Monsoon is Vietnam-shot film directed by Hong Khaou that was released earlier this year. It is spoken by Lee (David Tran) to Kit (Henry Golding) as they have tea on a Saigon sidewalk and references the latter's return to Vietnam for the first time since leaving as a child.

When he was six, Kit's family fled following the war and eventually made it to the United Kingdom, while Lee, Kit's childhood best friend, stayed in Saigon with his family. The movie begins with Kit arriving in Saigon with his mother's ashes, while his older brother will arrive the following week with their father's ashes.

Monsoon is a very quiet, interior film, with Kit featured in almost every shot and a few other characters — including a romantic interest in an American expat named Lewis (Parker Sawyers) — passing through scenes. The pacing and editing are deliberate, and there is almost no dialogue for the first 10 minutes.

Lewis and Kit travel by bike on a local Saigon street. Photo via Peccadillo Pictures.

Static tripod shots are common, and Golding does much of his acting through facial expressions and body language; many of his personal interactions are awkward and restrained, and he really only comes to life when he talks to his nephews back in the UK on FaceTime.

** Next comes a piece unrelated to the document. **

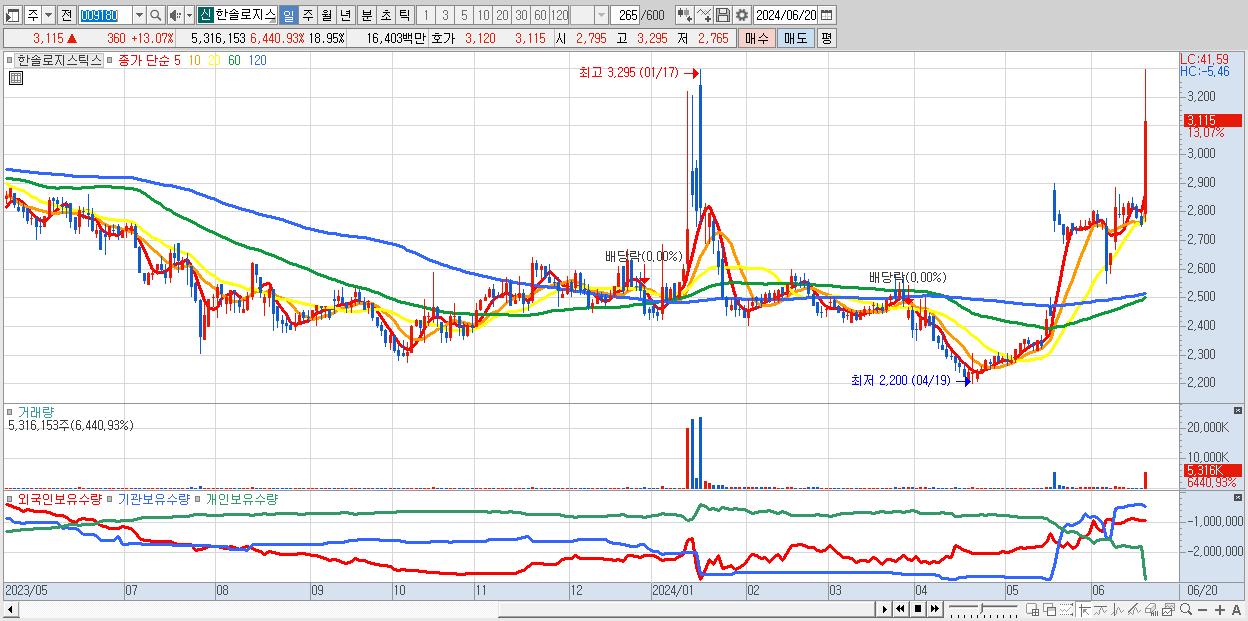 - 한솔로지스틱스 (3,115원 ▲ 13.07% , 시총: 874억, 거래량: 5,316,153, 거래대금:164억)

For cinematography nerds, there are some very well-done shots, including two sequences in which the camera starts with Kit in the frame outside the ground floor of a building. He then walks off-frame as the camera slowly pans up, and then re-enters the frame on the second floor of the building in question.

Several long, very slow zooms are also used, and the birds-eye opening shot of a busy Saigon intersection from a slowly rising drone gives a hint that viewers are in for a visual treat.

Another unique aspect of Monsoon is that there is almost no score: unless I missed something, all of the music and sounds in the movie are diegetic until late in the film when 'Tình Đêm Liên Hoan' by Thanh Lan plays as Kit rides a xe ôm over Hanoi's Nhat Tan Bridge.

This adds to the introspective nature of the film, as Kit stares pensively, for example, over Saigon from his AirBnB balcony in Thao Dien's Masteri complex, or at the countryside as he takes the train up to Hanoi.

One of the best aspects of the movie is the complete absence of tropes or stereotypes related to Vietnam, something that cannot be said about 2020's other big Vietnam-filmed, internationally produced release, Spike Lee's dreadful Da 5 Bloods.

Khaou, the director of Monsoon, is not Vietnamese, but his Chinese-Cambodian family fled the Khmer Rouge to Vietnam when he was a baby, and then moved to the United Kingdom when he was eight. This background clearly shows in the script and on the screen, as the people Kit interacts with seem like actual humans, not Hollywood caricatures created by someone who has never been here. (For that matter, Golding was born in Malaysia and moved to the UK when he was eight as well.)

Saigon and Hanoi are also presented as they are, warts and all, with no fetishizing of "weird" food or sights that may give viewers elsewhere the impression that life here is bizarre. (Residents, meanwhile, can see how many places they recognize: in Saigon, Kit spends time at Rogue, Soma and The Deck, and checks out Sophie's Art Tour in Hanoi.)

One common topic that Monsoon doesn't escape is the war, but this is understandable given Khaou's personal experience, and it is handled deftly without being overbearing: Kit's parents never reconciled with the country they fled and had no interest in returning while alive, while Lewis' dad fought in the US Army and carried scars for the rest of his life. At one point, Lewis says that "kids here don't care about the war," which is entirely accurate.

Lee (David Tran) and Kit in District 5. Photo via Peccadillo Pictures.

In a June 2019 interview with Variety, Khaou shared that initially, Lewis' character was a white American named Hank: "Along the way, through the various notes that came from the execs and financiers, it was felt that the Hank character's voice — the dominant white American, in terms of the subtext of the war — had been heard before."

This is inarguably true, and it's good that the script was revised to include Lewis, who is Black. (Incidentally, Da 5 Bloods also avoided that dominant white American view, but transposed many of its ridiculous presuppositions about Vietnam and Vietnamese through a Black American lens.)

Beyond that, it was incredibly refreshing to see contemporary Vietnam presented without prejudice or pretense, and I can't think of any recent foreign-produced movies set here that have done this so effectively.

Lee, Kit's childhood friend, runs what appears to be a relatively successful mobile phone shop and lives a middle-class life in District 5. He is bemused by the fact that Kit has lost his Vietnamese and struggles to find childhood landmarks since Saigon has changed so much in the intervening decades, though he does recall their early visits to Ba Chieu Market.

The closing line from the start of this article lays bare the tension at the heart of so many families who left their home country to start a new life somewhere else: Kit's parents gave up everything to flee (his father worked for an official in the southern government), yet the country Kit returns to is thriving to the point of being unrecognizable.

There is no neat Hollywood ending to Monsoon, leaving viewers to ponder its themes of loss, estrangement and disconnection. This beautifully shot, emotionally restrained film is highly recommended, and immediately vaults toward the top of contemporary Vietnam movies created by foreign production teams.